18 Maggio 2012

Ci raccontate i sapori dei vostri viaggi?

Le memorie di un viaggio sono catalogate in parte nel nostro cervello, in parte nel nostro cuore, in parte nel nostro archivio fotografico o cinematografico ( che alleggerisce lo sforzo dell’uno e dell’altro…): luoghi, paesaggi, colori,luci, i compagni di viaggio, le persone incontrate, le disavventure, le scoperte…
I sapori, e la relativa esperienza olfattiva, stanno magicamente un po’ qua e un po’ là: appunti di viaggio decisamente razionali,oppure squisitamente emotivi, catalogati con ordine oppure lasciati liberi di evocare, quando meno te lo aspetti , atmosfere e sensazioni che vanno oltre la sfera del sensibile. Fatto sta che spesso sono la guida principale per srotolare il gomitolo dei ricordi, esperienze caratterizzanti del viaggiare , volentieri prolungate sia dall’essersi portati a casa qualcosa che continui a testimoniarle ( un alimento, una spezia, un vino, il seme di una aromatica…) sia dall’essersi impadroniti di una ricetta o di un’usanza riproponibili nel quotidiano.
Vi invitiamo a raccontare i ricordi legati al gusto e all’olfatto che sono rimasti nella vostra memoria indissolubilmente legati ad un viaggio: e mentre ci pensate, uno spunto ce lo facciamo dare da una interessante coincidenza letteraria.
Mi riferisco a due libri, lontanissimi tra loro: “ Costantinopoli”, scritto da Edmondo De Amicis nel 1875 al suo ritorno dalla capitale ottomana e “ La città che profuma di coriandolo e di cannella”, di Rafik Schami e Marie Fadel.

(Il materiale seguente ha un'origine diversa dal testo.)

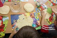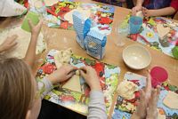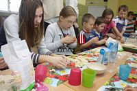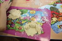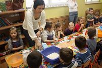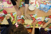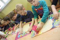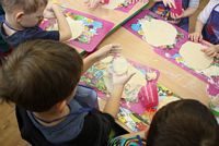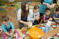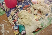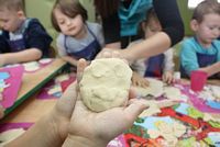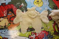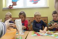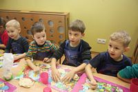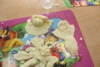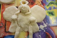 W ferie zimowe Przedszkolaki odwiedzili goście - gimnazjalistka Martynka z siostrą Zuzią pokazały jak można w prosty sposób wykonać aniołki z masy solnej
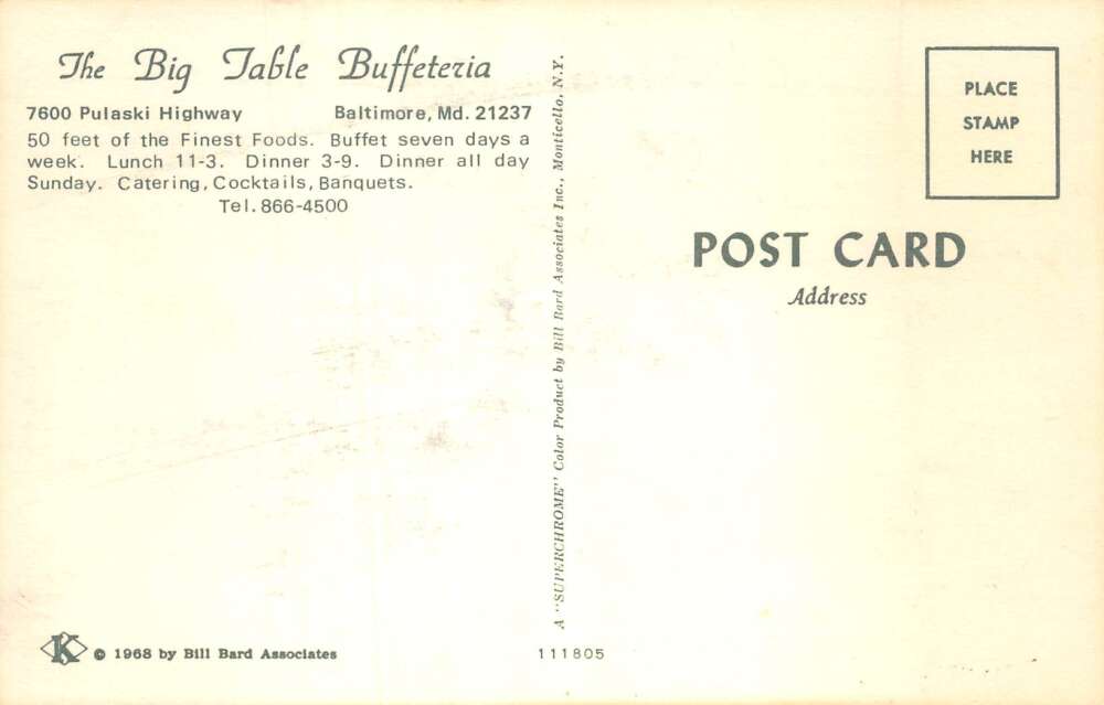 Baltimore Maryland The Big Table Buffeteria Restaurant Postcard AA107103
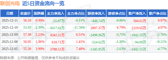 证券之星消息,截至2025年12月11日收盘,联创光电(600363)报收于56.1元,上涨0.3%,换手率2.02%,成交量9.13万手,成交额5.21亿元。
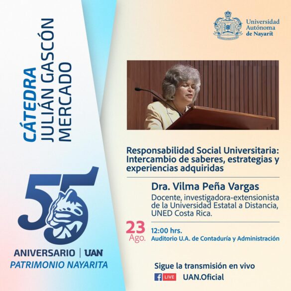¡En el marco de los festejos del 55 Aniversario de la Universidad Autónoma de Nayarit (UAN), te invitamos a la Cátedra Julián Gascón Mercado “Responsabilidad Social Universitaria: Intercambio de saberes, estrategias y experiencias adquiridas”, que impartirá la Dra. Vilma Peña Vargas Docente, investigadora-extensionista de la Universidad Estatal a Distancia, UNED Costa Rica.
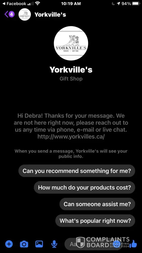 Awful customer service. Christmas gift sent to a friend was not delivered. They said it was, but provided no evidence. They then simply argued with me that it was delivered taking I presume a 3rd party company's word over mine. Refused to give me a refund, credit or even an apology.
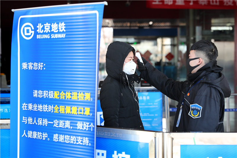 地鐵工作人員正在檢測(cè)乘客體溫(央廣網(wǎng)發(fā) 北京地鐵公司供圖)
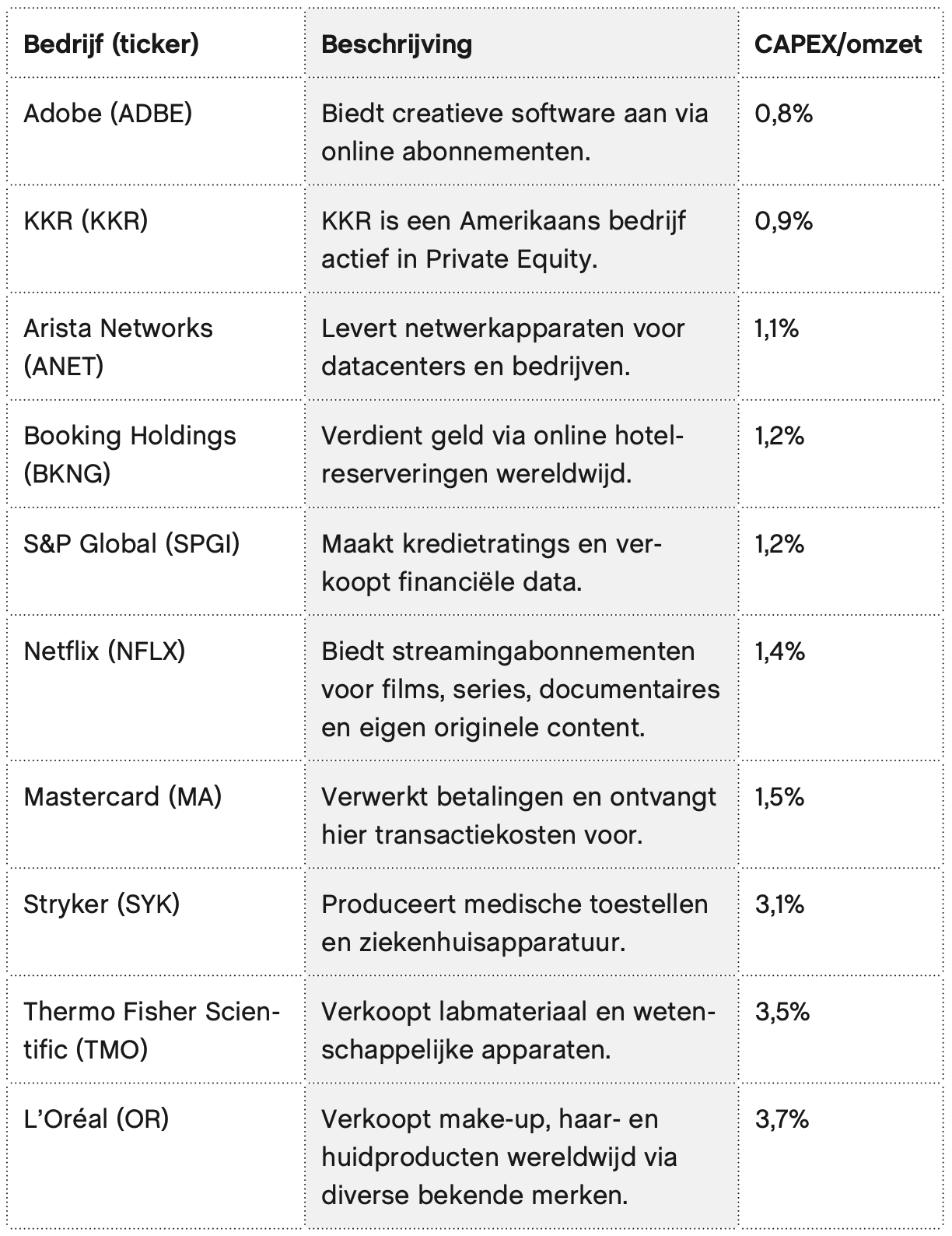 Hier zijn tien kwaliteitsbedrijven met een heel lage kapitaalintensiteit:
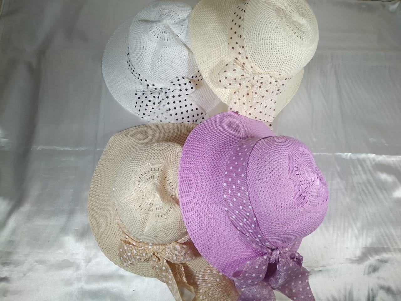 Topi wanita dengan desain yang cantik dan terdapat hiasan sabuk pita di tengahya
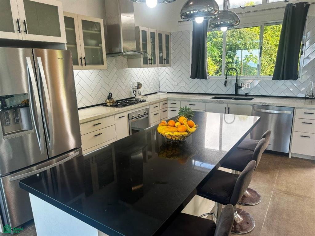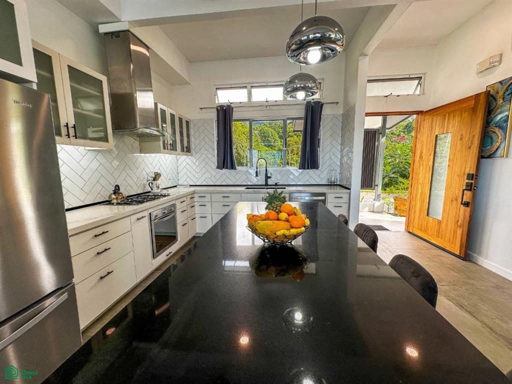 The huge corner-kitchen, at the heart of the home, is a culinary dream with top-of-line appliances, a storage pantry, plenty of cabinets, and a large island with seating that offers both ocean & mountain views. The large, open and airy bathrooms look onto the lush greenery an arm's reach away.
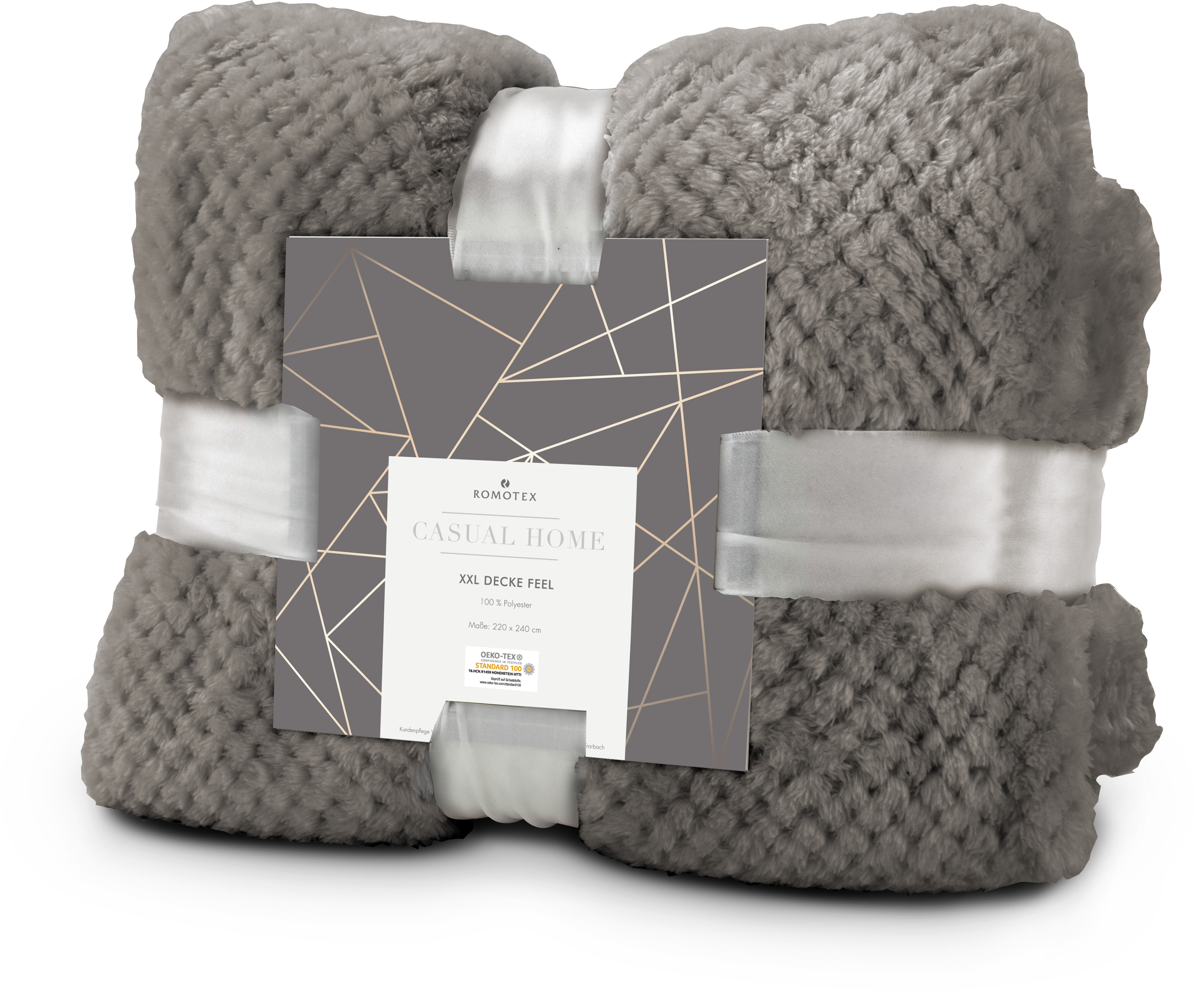 Kuschelige XXL-Decke "Feel” im Großformat - das moderne Waffelmuster macht die Decke zu einem echten Blickfang! Erhältlich in verschiedenen Farben, Jacquard-Flanell (100% Polyester), jede Decke ist einzeln mit Satinband und im Polybeutel verpackt. Qualität: 275 g / m², Maße: 220 x 240 cm (Zertifiziert nach STANDARD 100 von OEKO-TEX®)
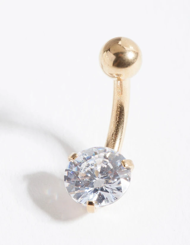 Gold Surgical Steel Round Cubic Zirconia Belly Bar
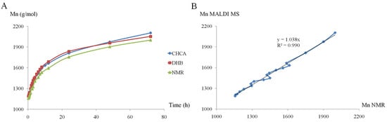 Mn (number-average molecular mass) evolution of β-CDLA product determined by 1H NMR and MALDI MS (DHB—dried droplet, CHCA—thin-layer) (A) and the agreement between the Mn evolution determined by 1H NMR and CHCA (B) (reprinted with permission from []).
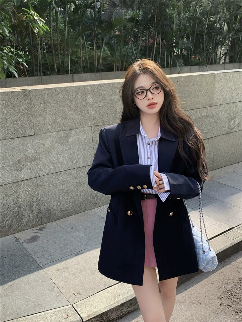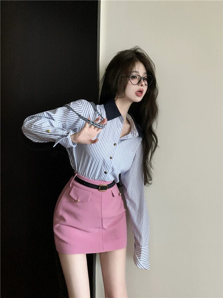 色:ストライプシャツ,ベルト付きピンクスカート,紺のスーツ
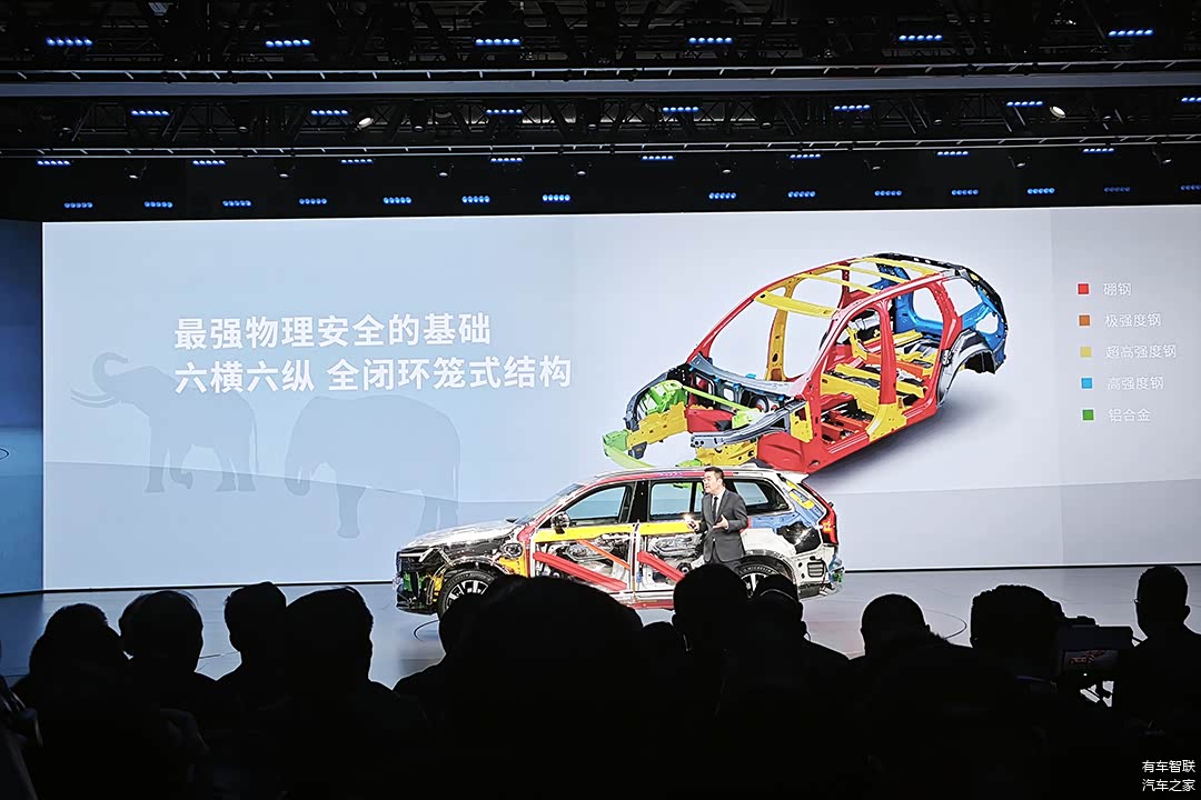 作为沃尔沃安全科技的集大成者,全新XC90以“30大安全标准”构建起立体防护体系。首先是结构安全方面,全新XC90采用“三路三区六横六卸力”硼钢笼式车身,高强度钢材占比达33%,其中A柱、B柱等关键部位屈服强度达1500MPa。并首创环抱式机舱上边梁与2.4米一体硼钢车顶纵梁,配合SPOC车身滑移结构,在25%偏置碰撞中可卸力30%,实现“丢轮保命”。此外,原生电气化架构采用“前油后电、电池中置”布局,规避高压电池碰撞风险。

Il primo – che ho scoperto grazie alla citazione che ne fa Oran Pamuk nel suo “Istanbul “ – dedica alcune pagine alla tradizione di servire a tavola decine di portate diverse, così che invece di “satollarsi di poche cose” si mangi “ un tantino di moltissime”. La descrizione, non scevra da diffidenze, del desinare rigorosamente turco assomiglia tantissimo a quella che nell’altro piacevolissimo libro (annotato di tantissime ricette molto dettagliate!) vien fatta della maaza, una tavola imbandita per gli ospiti con un’infinità di pietanze.
Mentre il profumo delle spezie e delle erbe ( probabilmente le stesse citate genericamente come aromatiche da De Amicis) si diffonde come un fascio di “ mille e uno scialli di seta trasparente”, sulla tavolata vengono disposti una moltitudine di piatti ( meglio due per ogni pietanza), ciotole, vassoi, e tra le stoviglie vengono “ sparsi petali di rosa e gelsomini”.
Fascinose anche le descrizioni dei liquori e delle acque profumate, secondo un’arte che a Damasco si fa risalire ad oltre mille anni fa, quando si ottenne per la prima volta alcol tramite distillazione.
De Amicis invece, a proposito di bevande, ci parla del vino servito alla sua tavola, guardato con concupiscenza dagli altri avventori musulmani della trattoria, che in barba al divieto coranico comunque “trincavano generosamente”. Curioso, osserva, che la dinastia regnante di un popolo per cui è un’offesa a Dio bere vino sia quella che registra in Europa ( proprio così c’è scritto) il maggior numero di ubriaconi. E tutto a causa della moglie del sultano Baiazet I: figlia del re della Serbia, fu lei che offrì al “ marito il primo bicchiere di Tokai”.